Le resvératrol est une molécule présente en grande quantité dans le vin rouge. Sur Mars, elle pourrait peut-être aider les astronautes à préserver leurs muscles, endommagés par cet environnement hostile.

Une molécule présente dans le vin rouge pourrait aider les explorateurs de Mars à rester en bonne condition physique. Des scientifiques l’assurent dans une étude publiée le 18 juillet 2019 au sein de la revue Frontiers in Physiology. Le resvératrol, cette molécule organique, est présente en grande quantité dans le raison et dans le jus qui en est extrait.

Les auteurs se demandent si « une dose quotidienne modérée de resvératrol (150 milligrammes par jour) aiderait à atténuer le déconditionnement musculaire dans une gravité analogue à celle de Mars ». Le déconditionnement musculaire est à la fois une perte de masse et de force musculaire. Comme l’explique l’Inra, ce phénomène peut être lié à un manque d’activité ou à un environnement en micropesanteur. Ce déconditionnement peut réduire l’espérance de vie. Si l’humain pose un jour le pied sur Mars, il est capital d’anticiper les problèmes que son organisme pourrait subir pendant un séjour qui sera forcément long (rien que pour aller sur Mars, il faut au minimum 6 mois).

Le resvératrol est présent dans le vin rouge. // Source : Pixabay (photo recadrée)

Préserver les muscles pour assurer la mission

Prévenir le déconditionnement musculaire des futurs explorateurs martiens est important, ne serait-ce que pour qu’ils et elles puissent continuer à effectuer les tâches de leur mission.

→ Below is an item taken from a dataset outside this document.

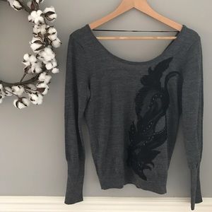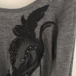 NEW WITH TAGS -- Angel of the north is one of my favorite Anthro brands, and here's one more example why. This beautiful appliqué sweater has a few lovely, subtle black sequins on the appliqué for just a slight hint of sparkle, plus a sweet, simple tie in the back to add one more charming detail to its list. Size XS 24" length by 36" bust. All measurements taken flat and unstretched. ▪️Box A

Dans l’espace, le corps n’est plus soumis à la même gravité que sur Terre : c’est déjà le cas pour les astronautes en mission à bord de la Station spatiale internationale (ISS). « Après seulement 3 semaines dans l’espace, le muscle soléaire humain [ndlr : un muscle situé à l’arrière de la jambe] diminue d’un tiers », explique Marie Mortreux, doctorante à la Harvard Medical School et co-autrice de l’étude, dans un communiqué. Les astronautes qui iront visiter Mars y seront peut-être encore plus sujets, car ils n’auront pas accès à des machines que celles pour faire de l’exercice physique dans l’ISS.

Pour les auteurs, c’est dans le régime alimentaire que pourrait résider la solution : le resvératrol, qui possède des propriétés anti-inflammatoires et anticancéreuses, pourrait faire partie du repas des astronautes (ou en tout cas être avalé par eux). L’un de ses effets serait d’améliorer la sensibilité à l’insuline (une hormone sécrétée par le pancréas, dont l’insuffisance peut provoquer le diabète), notent les auteurs. « C’est pertinent pour les astronautes, qui ont tendance à développer une sensibilité réduite à l’insuline pendant un vol spatial », poursuit Marie Mortreux.

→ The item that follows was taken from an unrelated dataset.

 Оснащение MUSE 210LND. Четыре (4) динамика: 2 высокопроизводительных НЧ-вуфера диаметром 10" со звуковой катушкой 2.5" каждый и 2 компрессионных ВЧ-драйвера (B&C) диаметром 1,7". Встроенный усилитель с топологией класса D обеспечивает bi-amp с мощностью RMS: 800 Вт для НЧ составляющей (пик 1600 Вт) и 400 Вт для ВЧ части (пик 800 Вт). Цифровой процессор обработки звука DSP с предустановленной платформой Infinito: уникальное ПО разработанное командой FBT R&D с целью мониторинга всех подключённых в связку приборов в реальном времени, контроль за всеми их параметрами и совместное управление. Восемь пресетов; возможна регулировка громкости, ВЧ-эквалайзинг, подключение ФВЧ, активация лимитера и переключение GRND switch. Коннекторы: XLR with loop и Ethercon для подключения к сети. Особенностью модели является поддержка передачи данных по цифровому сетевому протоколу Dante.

La molécule de resvératrol. // Source : Wikimedia/CC/Fvasconcellos, modifications par Numerama

Une étude modeste sur 24 rats

Pour parvenir à cette conclusion, les chercheurs ont mené des expériences sur 24 rats mâles, exposés à une gravité comparable à celle existant sur Mars. 12 d’entre eux ont reçu quotidiennement du resvératrol. L’expérience a duré 14 jours. À la fin, les rats qui avaient reçu les molécules avaient conservé leur masse musculaire (y compris au niveau du  muscle soléaire). Les chercheurs ont constaté que la prise de resvératol n’avait pas changé la consommation alimentaire des animaux.

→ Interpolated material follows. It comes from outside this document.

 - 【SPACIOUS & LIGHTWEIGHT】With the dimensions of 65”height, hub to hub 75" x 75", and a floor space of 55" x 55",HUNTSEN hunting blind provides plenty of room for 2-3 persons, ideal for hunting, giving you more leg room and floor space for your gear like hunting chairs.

Ces résultats sont intéressants. Cependant, l’étude ne s’intéresse qu’à un petit nombre de rats mâles : il faudrait aussi vérifier que ses conclusions sont valables sur des rats femelles, et sur un plus large panel. Il reste à prouver en quelle quantité devra être ingéré le resvératrol par des humains. Il faudrait aussi vérifier que la substance ne risque pas d’interagir de façon dangereuse avec d’autres médicaments que devront prendre les astronautes. Il reste encore du travail aux scientifiques pour prouver qu’emporter quelques bouteilles de vin rouge, ou du moins du resvératol, à bord d’une mission vers Mars serait justifié.